Friday, April 13

day 11086: why am I telling you this?

In university, I had a dust-coloured hamster named Harley that I bought from Petsmart and named after the bike that roared past us on the way back to my shitty basement apartment. I probably should have named him Ralph, but Harley was the first thing that popped into my head, so Harley he became, and Harley he remained.

Harley and I were alike in very many ways. We slept like logs during the day, and both liked cheese and cheese flavoured snacks. We hated when people poked us and tormented us (sorry Ro!) and we both woke up extremely grumpy.

We bonded at night; he running in his little wheel as fast as his scrawny little legs could carry him, me “studying” late into the night and watched fuzzy football on my 20 year old rabbit-eared television. Sometimes I’d put him into his hamsterball, and he’d run around leaving a trail of hamster poo behind him. He liked his freedom and escaped as often as possible, once crawling into bed with me and scaring the crap right out of me.

Fun times.

Occasionally, I’d let Harley run around on my desk while I did my studio projects (brilliant plan to avoid exams by taking art studio 101 turned out extremely time consuming and not so brilliant). He’d run around my desk sniffing at my ink, and nibbling on whatever crumbles I had on my desk. And then he’d poop.

[Aside: I don’t know if you’ve seen hamsters poo. Very interesting… very gross. Harley had a habit of reclining on his back, sticking his huge bum in the air, pooing a little poo-stub, and then using his MOUTH to grab the little poo-stub to pull out the rest of the poo, and then FLINGING it as hard as he could.]

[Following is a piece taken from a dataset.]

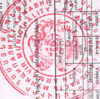
ՀՀ հասկացիկների 2025-2027 թթ. սկզբում ամփոփող ծախսերի գրառքների վարչական և ֆորմալիստիկ մասերի տարբերակաբանող ըստ՝ բյուջեային ծախսերի գրառքային մասերի գրառքային դասավորության բաժանումով, խմբերի համարով և քանակական միավորներով

One night before the deadline of a huge drawing assignment, I lost track of time. I was drawing and smudging and erasing as fast as I possible could, and quite simply forgot that Harley was roaming around my desk getting into his usual mischief. Deep in concentration, I put my B2 pencil into my mouth, chewing on it as I reached for another pencil.

Something eventually clicked in my mind…

Hm… something isn’t quite right? Why is there an old raisin stuck on my pencil? I wasn’t snacking on rais… OMG… IT’S HAMSTER POO!!!

Freak of a little rat (RIP) had fling his little thing onto my pencil where it had dried so that I could chew on it.

Happy Friday the 13th.

1 comment:

Woe said...

I remember Ralph! I don't remember harassing Harley...but if I did...he got me back when he bit off my finger.